Biggest challenges for an operational reactor IMO are reliability related. You can't have them stall during operation, but unlike fission they will be very sensitive to things like plasma disruptions and instabilities. If anything "breaks" you may not have a disaster as with fission, but you still can't access the reactor until the radiation cools down (and cities go without power). Radiation damage over time might require swappable walls. To me the solution might be redundancy on site, but this would require the total construction cost to be reduced substantially.

The other approaches like Helion and TAE would be far better costs and maintenance, but the physics is still unproven. If either demonstrate Q>1 before SPARC/MIT, Tokamaks might be dead.
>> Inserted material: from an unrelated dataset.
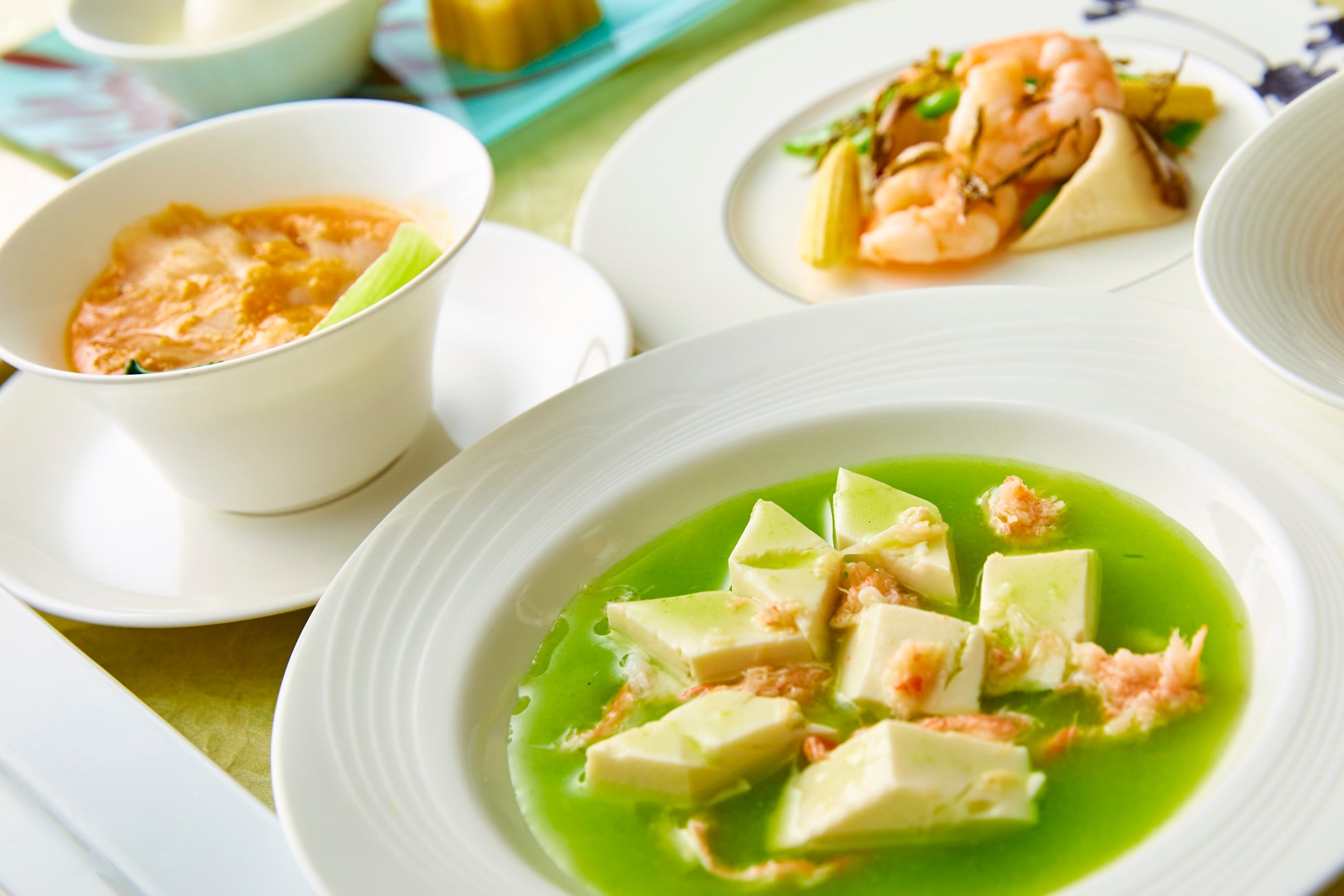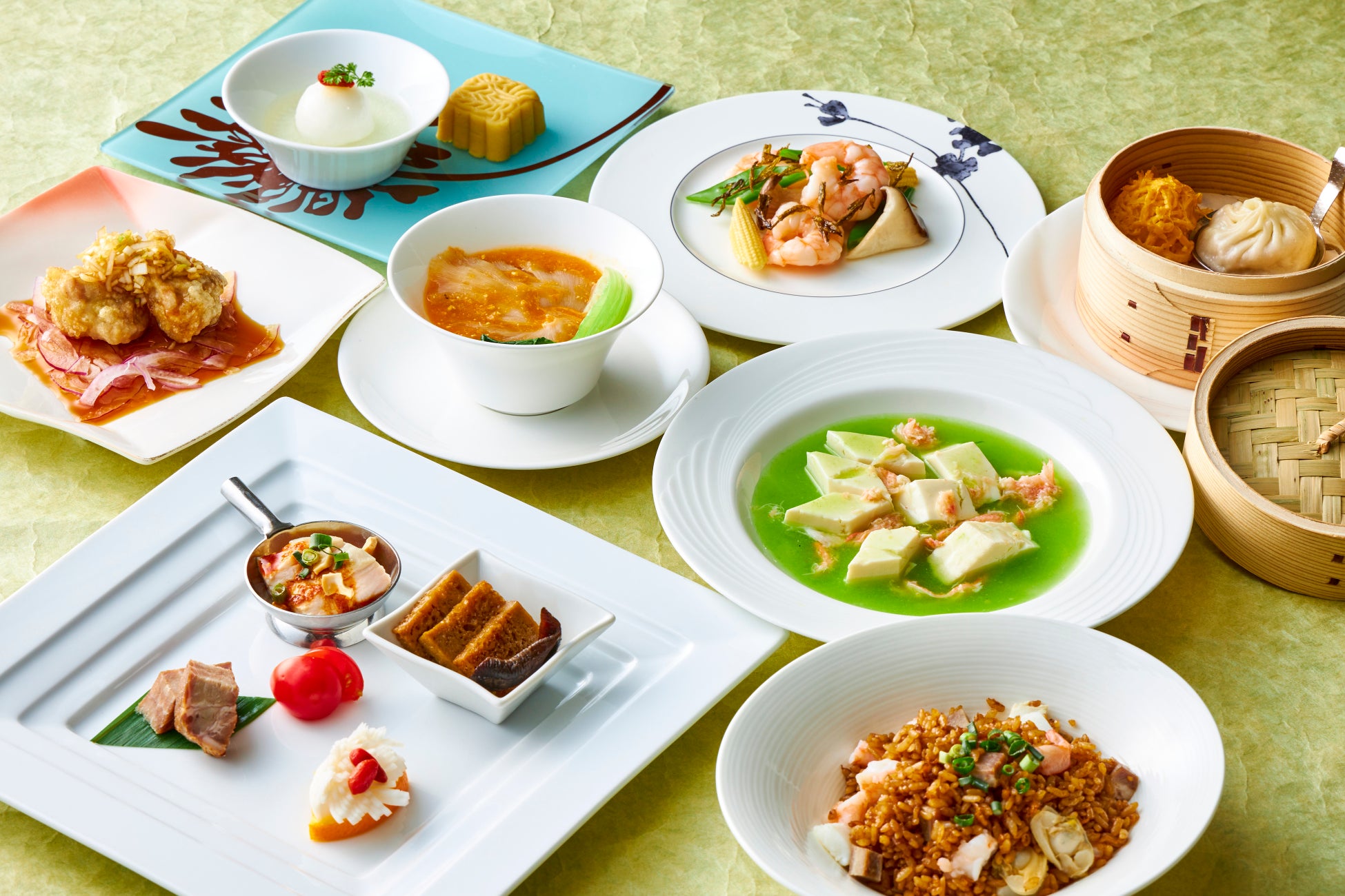 上海蟹味噌が入ったふかひれ姿煮スープや中国を代表する「龍井茶」の茶葉を使用した炒め物など見た目も味も楽しめる初夏のランチタイムにふさわしいコースです。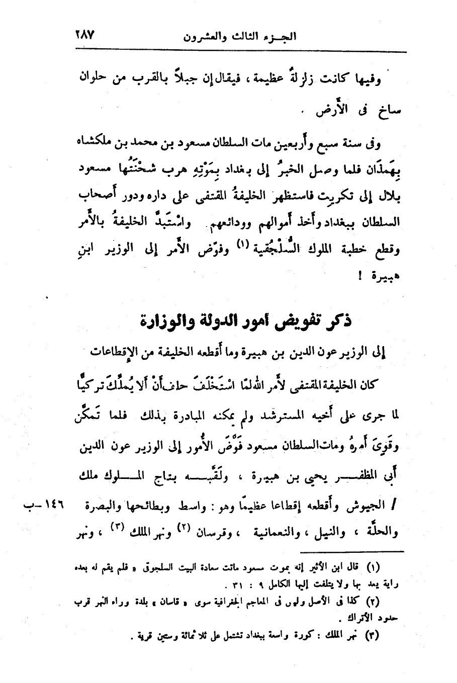 إلى الوزير عون الدين بن هبيرة وما أقطعه الخليفة من الإقطاعات كان الخليفة المقتفى لأمر الله لمّا استخلف حلف أن ألا يملّك تركيّا لما جرى على أخيه المسترشد ولم يمكنه المبادرة بذلك فلما تمكّن وقوى أمره ومات السلطان مسعود فوّض الأمور إلى الوزير عون الدين أبى المظفر يحيى بن هبيرة، ولقّبه بتاج الملوك ملك/ الجيوش وأقطعه إقطاعا عظيما وهو: واسط وبطائحها والبصرة والحلّة، والنيل، والنعمانية، وقرسان «2» ونهر الملك «3» ، ونهر

Comment Re:Successful? (Score 1) 121

Some of the work out of ORNL looks promising for uranium extraction which has been an interest of mine. Polymer strands would have a good surface area for binding. My thought is it would be cool to make a stand-alone ocean plant which uses the thermal differences between deep water and surface to drive an ammonia turbine loop, use the power to flow water past the polymers and complete the turbine cycle, excess power to grid.

https://www.ornl.gov/news/bio-...
https://www.ornl.gov/news/ornl...

Would love to see similar fibers be developed for other materials of interest: vanadium, gold, lithium, etc. The Chinese are building pilot plants to extract uranium as presently they have to rely on outside countries for energy sources and this would be a way to ensure energy security regardless of cost.

Comment Re:Almost Synthetic Semiconducting Diamond (Score 4, Informative) 155

Yes, and not the first time it's been done before either. C60 when under "modest" pressure of ~20 GPa will cross link and make a substance that will indent diamond:

https://science.sciencemag.org...

This was done ~2012. It's all very interesting but until someone finds a way to mass produce the material it's just a curiosity. You can't really make quantities of this stuff if you need a diamond anvil cell.